12. One method of managing and controlling abuse of a social tariff could be in the establishment of a set amount of energy needed to maintain adequate levels of heat in a standard home. The various householders type/size of properties all have estimated standard energy requirements and these need to be the basis for a social tariff. This would also encourage more effective insulation and energy waste and avoid the consumer using excess and irresponsible amounts of energy.
13. Winter fuel payments and cold weather payments
The continuation of winter fuel payments should be continued but in a different format and the recipients should receive a voucher payable only to the energy company instead of cash. They would be non transferable to avoid any misuse and only refundable by the energy company as part of their annual tax liability.

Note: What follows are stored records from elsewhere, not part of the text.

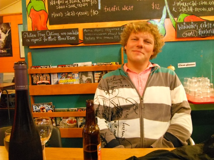 In the evening we drove to Arrowtown to see a film (The Guard, a very good film as it turned out, but somewhat secondary to the cinema itself!) at Dorothy Browns, a tiny independent cinema with beautiful decor that serves cheese and wine:
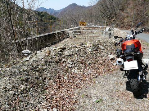 まずは、下のリンクをクリックしてみて欲しい! 念のために言っておきますが、けっして怪しいサイトに繋がったりしないので安心してくださいね! http://www.dammaps.jp/?p=11&d=0636 大洞ダム ダム仲間?のEthさんに教えてもらった・・・ とにかくです! こんな場所にダムがあるの?? と疑いたくなるような山の中。 って言うか、入り込むのすら大変な場所! 信じられないかもしれませんが! ダムが存在するんです! が! 正式な地番とか無いので!(困) 住所は、埼玉県秩父市大滝としか表記されず! 地番も「字」もありません! 郵便物とか絶対に届かない場所? 恐らく、クロネ★ヤマトすら来てくれません!? って言うか、無人のダムですから届く必要は無いのですが・・・ そして、そのダムに行くには! とにかくです! 普通自動車では入るのが困難なダート区間を走らないといけないらしく・・・ 徒歩で行くのが一番確実らしく・・・ しかも最後は、藪漕ぎをしないと到着できないような場所らしいんですよ! 画像は、旧・三峰有料道路(現在は無料開放中)の某所。 今回は、ココからスタートします! 大洞ダムの存在を知ってから1年半。 この付近まで車で来て、あとは登山用装備で山に入るか? それとも、ダメ元で行ける所までエフハチで入って、そこから歩くか? などと色々考えていたんですけどね・・・ F650GSなんてモノを手に入れてしまった自分は! ついムラムラと・・・(困) いや、まだ慣らし運転中だから、ダート区間を走るのはやめておこうかと思ったのですが! まだ草木が茂る前の5月5日。 前日に意地で仕事を終わらせ、この地に入り込んでしまったんです! さ・・・ この時点では、広くて快適そうな道なんですけどね!? さ・・・ この先、一体何が待ち受けているんでしょう? 大洞ダム・1stコンタクト編、スタートです!
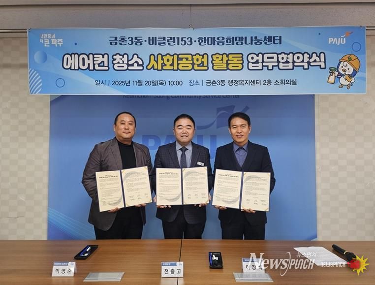 뉴스펀치 김길룡 기자 | 파주시 금촌3동은 지난 20일 ‘비클린153’, ‘한마음희망나눔센터’와 함께 관내 취약계층의 주거환경 개선을 위한 ‘생활가전 클리닝 사회공헌 활동 업무협약’을 체결했다고 밝혔다.
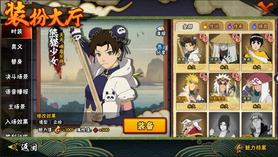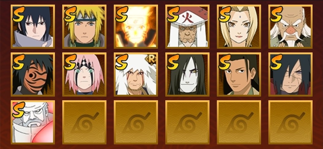 大蛇丸,九喇嘛鳴人,永恆萬花筒佐助,忍戰櫻,舞之豪傑自來也,綱手,水門,三代火影,創立柱間,穢土解斑,紅夜帶土,忍戰大野木,金式
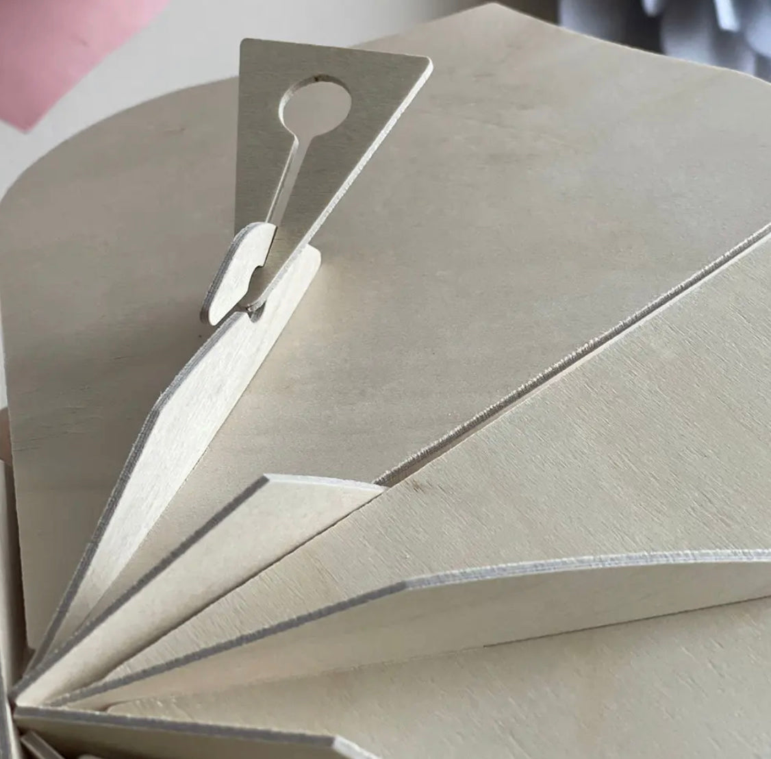 15 cm, blomst med oppheng til å bygge selv. Kommer flatpakket, delene presses ut av tynne bjørnefinérplater.
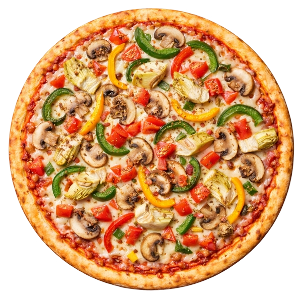 SAUCE TOMATE, FROMAGE, CHAMPIGNONS, POIVRONS TOMATES FRAICHE, ARTICHAUTS
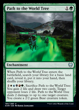 The artifact is at uncommon, so let’s just assume that’s not going to be a thing. There’s no Evolving wilds, though snow-dual-lands (the hyphens are getting out of control) will be in each pack (?). But green, green has the tools. Two at common and two at uncommon, covering both snow and regular splashing mana. There are a lot of gold uncommons (and the sagas) so 5C Green might be a source of great hilarity.
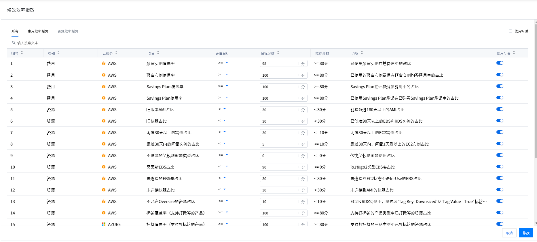 可以通过选择费用或资源项有效管理云效率指数。可以根据用户IT环境定义费用和资源的各效率指数项评分标准进行指数管理。
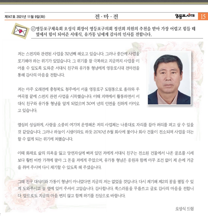 저는 스펀지와 관련된 사업을 32년째 해오고 있습니다. 그러나 중간에 사업을 포기해야 하는 위기가 있었습니다. 그 위기를 잘 극복하고 지금까지 사업을 이어올 수 있도록 도와준 서대식 친구와 유가동 형님에게 영등포시대 전마전을 통해 감사의 마음을 전합니다. 저는 아주 오래전에 충청북도 청주에서 서울 영등포구 도림동으로 올라와 우여곡절 끝에 스펀지 관련 사업을 시작했습니다. 이때 지역에서 활동하면서 서대식 친구와 유가동 형님을 알게 되었으며 30여 년의 인연을 진하게 이어오고 있습니다. 열심히 성실하게, 사람을 소중히 여기며 운영해온 저의 사업체는 나름대로 자리를 잡아 허리를 펴고 살 수 있을 것 같았습니다. 그러나 하늘이 시샘이라도 하듯 2010년 8월 회사에 불이나 회사 건물이 전소되며 사업을 더는 할 수 없게 되는 위기에 처했습니다. 이때 화재로 삶의 의욕을 잃고 망연자실에 빠져 있던 저에게 서대식 친구는 전소된 건물에서 나온 골조를 시세보다 훨씬 비싼 가격에 팔아 그 돈을 저에게 주었으며, 유가동 형님은 응원과 함께 아무 조건 없이 제 손에 거금을 쥐여 주시며 다시 재기할 수 있도록 해 주셨습니다. 그때 친구 대식이와 가동이 형님이 아니었다면 지금의 저는 없었을 것입니다. 다시 재기해 제2의 꿈을 펼칠 수 있게 도와주시고 늘 옆에 있어 주셔서 고맙습니다. 감사합니다. 쑥스러움을 무릅쓰고 글로 감사의 마음을 전합니다. 앞으로도 지금의 마음 변치 않고 함께 하기를 진심으로 바랍니다. 오성식 드림
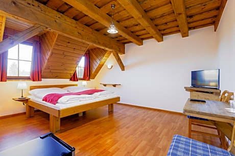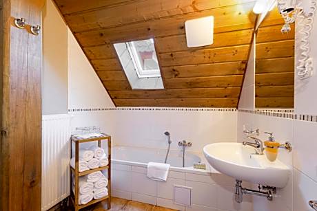 Located at Lake Lipno in Frymburk, Hotel Leyla was built in the style of an Alpine chalet. It features rooms with attached bathroom with wooden décor and free WiFi. An on-site restaurant with a lake-view terrace offers Czech and international cuisine. Breakfast is served every morning. The rooms offer a seating area. Most of them overlook the Lipno Reservoir and the forest-covered mountains of the Sumava Ski Region. Guests can benefit from the beginners' ski slopes which start behind the Hotel Leyla. Advanced skiers and snowboarders can go skiing in the modern Ski-areal Lipno ski center, which is 4.3 mi away. In winter, ice-skating is possible on the Lipno Reservoir. Hotel Leyla is a good starting point to enjoy collecting mushrooms, hiking or cycling in the region. Within 984 feet there is a tennis court and a rental service for bicycles, in-line skates an canoes. An in-line skating track is there right in front of the building. Lipno Lake offers swimming and diving opportunities. 5 mi from the Hotel Leyla, guests can rent canoes and rafts as well as sailing boats.
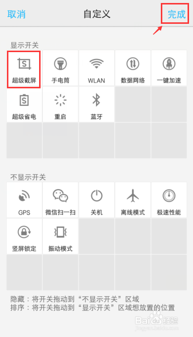 进入自界说页面,移动【超等截屏】到显示开关下方。
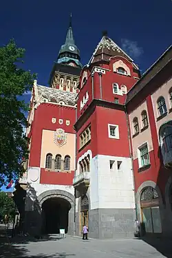 L'hôtel de ville de Subotica a été construit sur la place principale de Subotica entre 1908 et 1912, sur les plans des architectes de Budapest Marcell Komor (1868-1944) et Dezső Jakab (1864–1932), dans le style de la Sécession hongroise[1] ; la décoration intérieure de l'édifice a été achevée en 1912[2]. Il se présente comme un bâtiment monumental réalisant la synthèse entre les éléments architecturaux et décoratifs et la tradition ornementale hongroise mêlée à des solutions architecturales contemporaines[1].
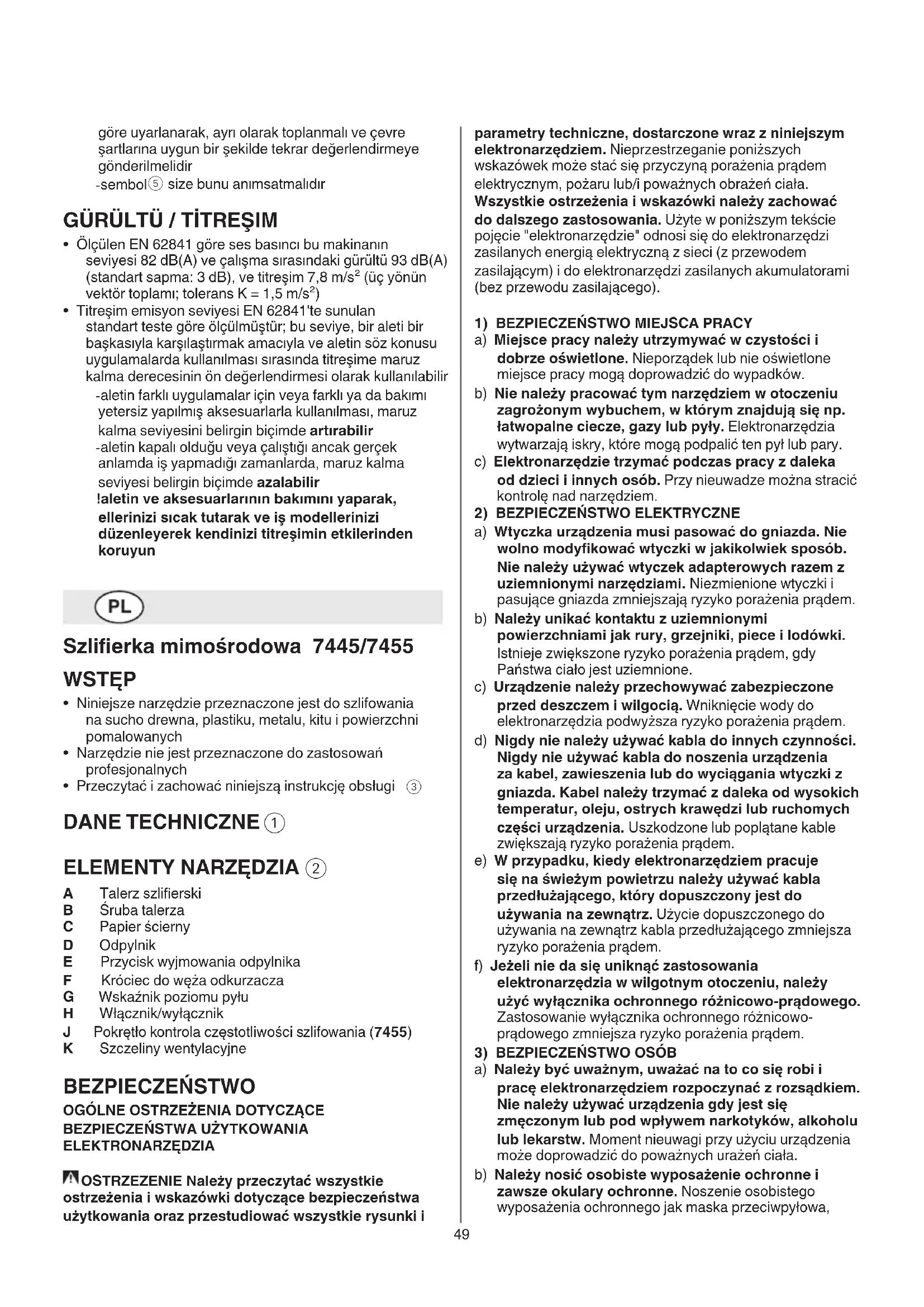 şalterini ileriye/geriye getirerek çalıştırabilirsiniz ! aletin zımparalama yüzeyi iş parçasına temas etmeden önce aletin çalıştırılması gerekir49 parametry techniczne, dostarczone wraz z niniejszym elektronarzędziem. Nieprzestrzeganie poniższych wskazówek może stać się przyczyną porażenia prądem elektrycznym, pożaru lub/i poważnych obrażeń ciała. Wszystkie ostrzeżenia i wskazówki należy zachować do dalszego zastosowania. Użyte w poniższym tekście pojęcie "elektronarzędzie" odnosi się do elektronarzędzi zasilanych energią elektryczną z sieci (z przewodem zasilającym) i do elektronarzędzi zasilanych akumulatorami (bez przewodu zasilającego).

14. Once it has been established that 100% energy efficient homes have been achieved and social tariffs brought in the number of people in FP can be reconsidered and a decision of the winter fuel payments and cold weather payments can be made. Both at this point in time are essential and are a valuable asset to many of the people in receipt of these. The fact some people sue these for other purposes at the time of issue is one thing but the fact is hat the extra resource does help them.
15. Support for households which are not connected to the mains gas grid
One of the main causes of rural fuel poverty has to be the lack of access to gas supplies. The costs of running pipelines into every part of the country would be expensive to say the least but unless action is taken to reduce the costs of fuel for rural and other non gas properties the problem cannot be solved in a simple way. In the long term we should be setting down a programme of gas line extensions to try and help those not on the main gas networks and this could be funded after the completion of the insulation programme and as this part of the scheme winds down the resources being used for this would be transferred over to the gas pipeline extension project. In the meanwhile it should be considered another priority to develop and install renewable energy systems for individual properties or in the case of clusters of homes community energy schemes. With the organisations such as the New and Renewable Energy Centre (NaREC), EST and NEA working together a simplified project design and build system could be developed for every property off the gas main areas.
16. These would be either air or ground source heat pumps, solar, PV or wind turbine options depending on restrictions in National Trust or National Park areas or areas with planning restrictions.